Future write-downs in the world financial system have now been cut to about $3 trillion, he said, citing an estimate by the International Monetary Fund. “The cleanup process has reached the half-way mark but this progress is still too slow,” Lamy said.
Meanwhile, Lamy urged WTO members to resist protectionist pressure in the wake of the economic crisis, but said hopes of an early deal to free up international commerce were uncertain.
Lamy said success in completing the Doha round of trade talks next year as scheduled was vital to signal business and consumer confidence, and would strengthen the hand of governments as they confront protectionism.
“This will not occur unless they are all ready for heavy political lifting at home,” he said, adding there would be a “crunch time meeting” in the first quarter to check if the goal was attainable.
Prospects for meeting the deadline remain uncertain, Lamy said. “The jury is still out until the end of the first quarter of next year.”
Little progress was made toward ending the impasse during a ministerial meeting held in Geneva last week.
The Doha round began in 2001, with a focus on dismantling obstacles to trade for poor nations by striking an accord that will cut agriculture subsidies and tariffs on industrial goods.
Deadlines to conclude the trade talks have been repeatedly missed.
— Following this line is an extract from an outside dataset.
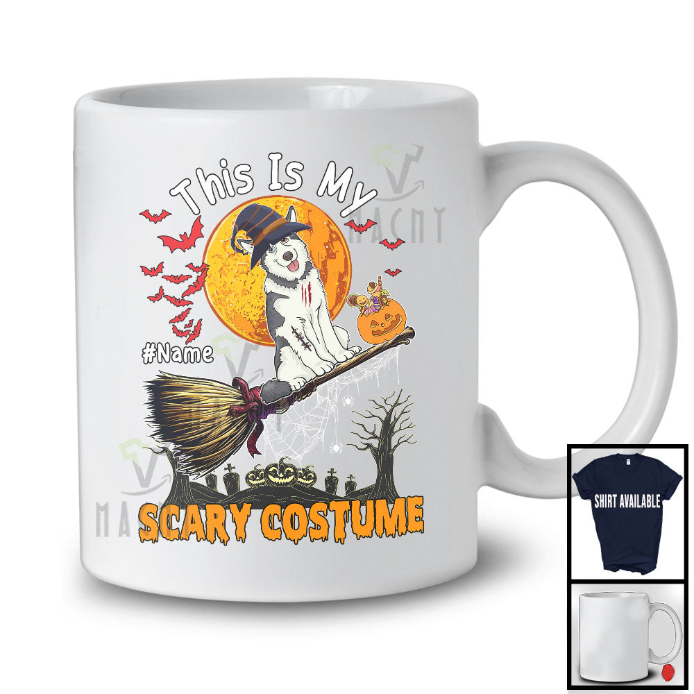 • Personalized My Scary Costume, Lovely Halloween Custom Name Husky, Witch Broom T-Shirt. This cotton t-shirt is a durable staple product with a classic fit. One of the most popular items, it has a relaxed style made for everyday and casual wear.

Discussions have been dogged by disagreements on issues including how much the US and the European Union should reduce aid to their farmers and the extent to which developing countries such as India, China and South Africa should cut tariffs.
Lamy said developing states, which make up two-thirds of WTO members, suffered especially from protectionism.
“Our poor members have been hit short-term by the shrinking trade,” he said.
“They depend much more than others on trade to grow their economy and to reduce poverty, which is why fighting protectionism is even more important for them as it is for richer countries.”
Supachai Panitchpakdi, secretary general of the United Nations Conference on Trade and Development, said discussions on new multilateral fiscal regulations to avoid a repeat crisis should proceed in a fair manner.
“There cannot be a stable global economic governance without having both trade and finance regulated at the multilateral level,” he told a separate news conference on thesidelines of the Seoul forum.
Supachai said it would be necessary to stress equal treatment for member countries.
“So there should not be double standards in a way that rules are applied — one set of rules for industrialized countries or one set of rules for developing countries.
“They would all be subjected to the same rules.”